Which is better the t test or the Mann Whitney test?

Which is better the t test or the Mann Whitney test?

For larger sample size, the distribution is approximately normal For all sample sizes, the Mann Whitney test has more power than the t-test, and this by a factor of 2 to 3 times more power For all samples sizes, the Mann Whitney test has greater type I error, and this by a factor or 2 – 3

What are the assumptions in the Mann Whitney U test?

The following assumptions must be met in order to run a Mann-Whitney U test: Treatment groups are independent of one another. Experimental units only receive one treatment and they do not overlap. The response variable of interest is ordinal or continuous.

Can you do multiple comparisons in Spearman Rho?

If you want to know differences between pairs, you could do Mann-Whitney U tests for each pair or test for correlations using a spearman rho for instance. The correction for multiple comparisons should be applied on results for those tests especially if you haven’t predefined hypotheses.

How to do multiple comparisons in nonparametric tests?

A simple approach could be: If you want to know differences between pairs, you could do Mann-Whitney U tests for each pair or test for correlations using a spearman rho for instance. The correction for multiple comparisons should be applied on results for those tests especially if you haven’t predefined hypotheses.

How does the Wilcoxon Mann Whitney ( WMW ) test work?

The Wilcoxon-Mann-Whitney (WMW) test consists of taking all the observations from the two groups and ranking them in order of size (ignoring group membership). The ranks of the observations from the first group (it doesn’t matter which group you choose) are then summed, and the test statistic is formed as

Which is the best alternative to the t test?

When this assumption is in doubt, the non-parametric Wilcoxon-Mann-Whitney (or rank sum ) test is sometimes suggested as an alternative to the t-test (e.g. the Wikipedia page on the t-test), which doesn’t rely on distributional assumptions.
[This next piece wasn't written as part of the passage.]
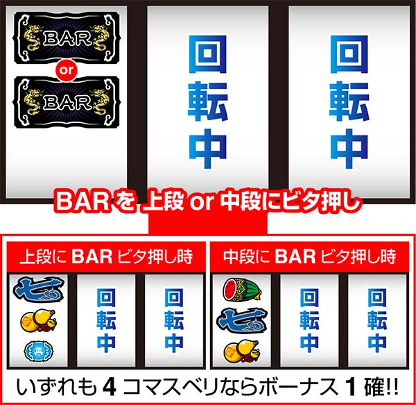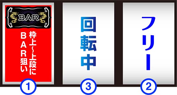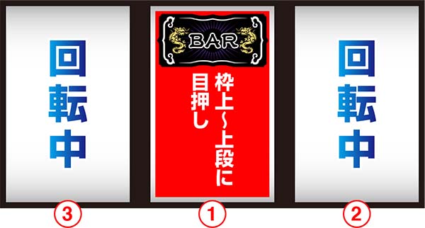 「左リール枠上〜上段にBARを目押し」

But is this necessarily a good ‘replacement’?

What are the assumptions in the Welch test?

The Welch test adds the assumption that the two groups comes from a normal distribution, but the variance in the two groups can be different. The Student t-test adds yet another assumption, that the variance should be equal in the two groups. But what do these assumptions imply?

Why is the U-test favoured over the t-test?
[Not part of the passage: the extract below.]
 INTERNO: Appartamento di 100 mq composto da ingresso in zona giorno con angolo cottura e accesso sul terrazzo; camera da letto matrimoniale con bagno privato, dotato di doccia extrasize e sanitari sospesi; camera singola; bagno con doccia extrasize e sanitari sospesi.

Despite its lower power, it is often favoured over the t-test because of the misconception that no assumptions have to be met for the test to be valid. In fact the basic assumptions of the two tests (namely that both samples are random samples and are mutually independent) are identical.

Is the t test robust to non normality?

As I described in a previous post, provided the sample size is moderately large, the two-sample t-test is robust to non-normality due to the central limit theorem.

When to use a permutation test instead of a t-test?

So the usual t-test (possibly allowing for unequal variances) can usually be used, provided the sample sizes are not too small and the distribution is not extremely skewed. But what if the sample size is small? One thought is to use a permutation test, based on computing the difference in sample means and permuting the group membership.